Thursday, June 14, 2007

What is the purpose of Digg? Let's count the ways

On any given day, an estimated 15 million blog posts are being made, out of which 6000 or so are submitted to Digg, not more than 20 posts get any respectable attention – the rest are just spam, at least that’s how the big users see them as – lame, incorrect, these are some of the most common epithets being ascribed to buried stories.

Now, what is the point of existence of sites like Digg?

1. Is it outstanding journalism?
If that is the case then I think the likes of New York Times, Washington Post, Economist, Christain Science Monitor and others are better served by a new digg-like system, which only aggregates stories from the top 100 news outlets in the world.

Digg as the modern version of the supermarket tabloid with a geeky edge is not far off the mark.

The Top Digged stories of today are:

Find out what (American) accent you have. (very short quiz)
911 refuses ambulance for woman dying in ER waiting room; nurses dont help
China Threatens War Over Bush Handshake
Gizmodo: Digg Spam Sucks
Teach the controversy: Pi = 3.0 (textbook stickers included!)
11 Worst 007 Gadgets
Judge suing dry cleaner cries over pants in court
Iran moves to execute porn stars
BBC: World Now in America // pics
Hilton's parents skip line on jail visit -unfair

2. Or, is it allowing a few blogs to come out and becoming mainstream news outlets themselves?

This seems more the case. The charm of Digg as a source of traffic is not what it was before. Randfish at Seomoz complained that the site was not getting as much digg traffic as before.

Harry Maugans did a study and found that only 15 or so sites have dominated Digg while it has been existence – so Digg as a champion of open source, web 2.0 style, anything style articles is surely out of question.

I was not surprised to know that big blogs such as Lifehacker have their own policy of putting dig buttons only on exclusive and original stories – these blogs are not blogs, but aspiring big-ticket magazines and Digg is their path to glory.

For example, have a look at Lifehacker’s official Digg Policy.

3. Is it letting users discover better news?

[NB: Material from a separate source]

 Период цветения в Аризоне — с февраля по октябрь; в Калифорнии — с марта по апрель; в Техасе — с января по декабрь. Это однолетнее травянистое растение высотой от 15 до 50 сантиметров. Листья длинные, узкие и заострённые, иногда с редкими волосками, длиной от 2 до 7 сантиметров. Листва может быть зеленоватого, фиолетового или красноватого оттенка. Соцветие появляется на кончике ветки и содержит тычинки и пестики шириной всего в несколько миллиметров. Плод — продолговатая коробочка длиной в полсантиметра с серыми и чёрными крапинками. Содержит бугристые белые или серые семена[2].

For that you must compare all the big sites – Slashdot, Nytimes, BBC, Metafilter, Newsvine, Reddit and others and find out for yourself what you have been missing. Other than the Paris Hilton story in 2005, I haven’t come across a ‘unique – only-on Digg’ story. The Virginia Tech story got faster home page traction on Newsvine than Digg, where it got stuck in the middle pages.

For tech stories of depth, Slashdot is any day better. But if if you are in for boobs and gadgets maybe Digg is fit for you..

If you are patient enough, you might find gems while browsing tag on the quiet but effective

4. Is it making Users happy?
If there is one category of users that Digg makes happy is that group of 14-24 year olds who make snap judgments on the merits of a story about Obama’s Kennedy like appeal (By the way Diggers are heavy on someone called Ron Paul), decisions that make or break many an online entrepreneur’s short-term fate.

These guys may be good coders but does that mean all coders are all-around Mensa geniuses? I don’t know. But i bet the judges during the inquisition period in Europe took a little more time.

Some of the Digg users are happy making pithy comments but if it is valuable comments you are looking for, Slashdot, Techcrunch are more worthy places to be at.

At the end of it all, Digg is mostly about a select group of people, putting a select group of blogs and news outlets on top while the most blog posts are discarded to oblivion.

People have long debated the merits of social news, about the possibilities of better Digg-like systems; however, little has been done on this front so far.

The situation of all those eager bloggers and all those posts going nowhere doesn’t make you happy.

The whole world is not crap or ‘lame’ as a digger might put it.

There may not be 15 million original blog posts a day but there may be thousands and in the way it deals with most submitted stories, Digg is no better than a web 2.0 baiter such as Andrew Keen who believes that it is all amateurish trash.